Poi parlò, a voce molto bassa:

— Tua madre mi ha chiesto di dirti una cosa… nel caso in cui ti vedessi.

Emily sussultò come se avesse ricevuto uno schiaffo in faccia.

L’uomo doveva avere più di settant’anni. Era alto, ma leggermente curvo, con capelli grigi e radi. Profonde rughe gli solcavano la bocca. I suoi occhi erano gentili, ma tradivano un’enorme stanchezza.

Aveva l’aspetto di una persona che aveva trascorso la vita a portare fardelli che non avrebbero mai dovuto gravare su di lui.

Poi si infilò la mano dentro il cappotto.

Senza pensarci, mi sono fatto avanti per proteggere Emily.

Si fermò immediatamente e alzò l’altra mano a indicare che non rappresentava alcun pericolo.

Tirò fuori dalla tasca una vecchia fotografia Polaroid.

Era una foto con i bordi ingialliti.

 

Emily fissò la foto ancor prima che lui la estendesse completamente.
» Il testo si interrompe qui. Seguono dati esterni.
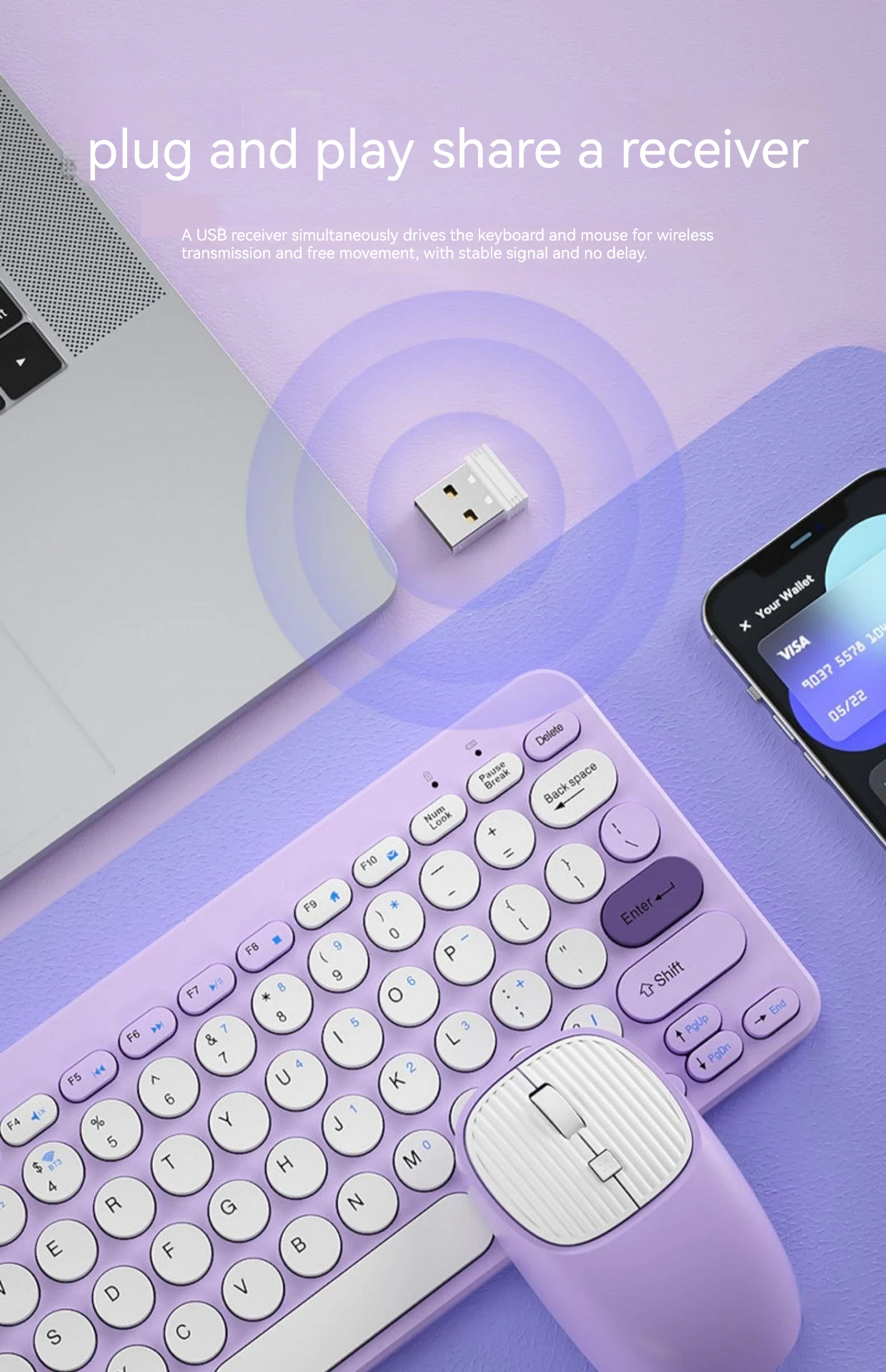 색상: 디지털 영역 [Bluetooth 무선] 키보드 및 마우스 세트가있는 자주색

Si portò una mano alla bocca.

La fotografia ritraeva una bambina, forse di sei anni, accanto a una donna che ho riconosciuto immediatamente dalla foto incorniciata che Emily teneva sulla sua scrivania a casa.

Sulla spalla della ragazza, visibile perché indossava una canotta, c’era esattamente lo stesso tatuaggio.

Emily sussurrò:

Pensavo che questa foto fosse andata perduta.
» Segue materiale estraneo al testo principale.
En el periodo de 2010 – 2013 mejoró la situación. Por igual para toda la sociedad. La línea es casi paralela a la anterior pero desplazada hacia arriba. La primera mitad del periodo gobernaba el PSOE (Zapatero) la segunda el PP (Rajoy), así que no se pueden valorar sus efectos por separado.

Lo sguardo del vecchio si addolcì.

— Anche tua madre la pensava così… per un po’. Ma ne ho conservato una copia.

Ho guardato Emily.

Conosci quest’uomo?

Annuì una sola volta, quasi impercettibilmente.

Chiuse gli occhi.

— Hai lavorato al rifugio.

In quel momento, ho capito che questa storia non era iniziata con un tatuaggio.

Aveva iniziato molti anni prima.

Alla fine ci siamo sedute in una caffetteria dall’altra parte della strada perché Emily tremava troppo per rimanere nel parcheggio.
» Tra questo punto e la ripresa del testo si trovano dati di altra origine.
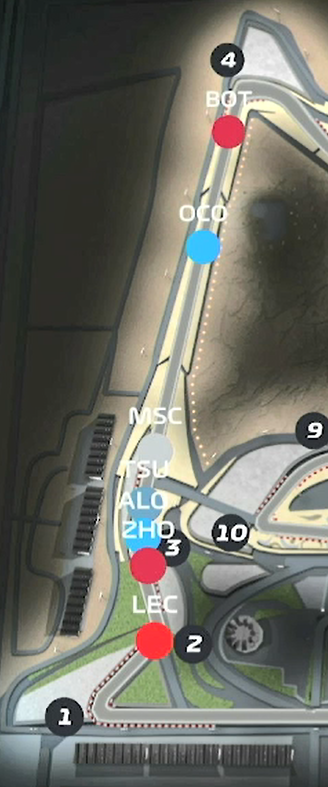 博塔斯出完站正好压在后面奥康前面,也在米克、角田和头哥前。

Walter comprò del tè, ma ne toccò a malapena la tazza.

Emily la teneva stretta con entrambe le mani, come se avesse bisogno di quel calore per non crollare.

Dopo qualche minuto, mi ha guardato.

Avrei dovuto dirtelo.

Le presi la mano.

Dimmi subito.

Lei annuì.

— Quando avevo sei anni, ci fu un’esplosione in una fabbrica di prodotti chimici vicino alla mia città.

È stato terribile. C’erano incendi, fumo, evacuazioni e gente che correva ovunque. Io e mia madre ci siamo separate durante l’evacuazione.

C’erano autobus, rifugi, centri di emergenza… era il caos.

Ricordo di averla chiamata a gran voce. Ricordo degli sconosciuti che afferrava i bambini e ci portavano da un posto all’altro.

Walter abbassò lo sguardo.

Era evidente che avevo già sentito quella storia molte volte.

Emily ha continuato:

Sono finito in uno dei rifugi temporanei. Lui era lì.

Walter fece un leggero gesto di assenso.

C’erano centinaia di bambini. Alcuni conoscevano solo il loro nome di battesimo. Altri erano troppo piccoli per dire qualcosa. Abbiamo fatto tutto il possibile.

Emily fissò il tè.

Mia madre mi ritrovò qualche settimana dopo. Ma durante il periodo in cui fummo separate, si convinse che forse non ci saremmo mai più riviste se fosse successo qualcosa di simile.

Le sue dita sfiorarono la propria spalla, quasi senza rendersene conto.

“Quindi si è fatta il tatuaggio?” ho chiesto.

Emily annuì discretamente.

Lo stesso simbolo su entrambi. Qualcosa di piccolo. Permanente. Qualcosa che solo noi due potremmo capire e usare per identificarci.

Walter parlò a bassa voce:

— Sua madre diceva sempre che, anche se il mondo avesse portato via loro tutto il resto, quel segno avrebbe comunque indicato a chi apparteneva chi.

Emily fece un respiro profondo, con difficoltà.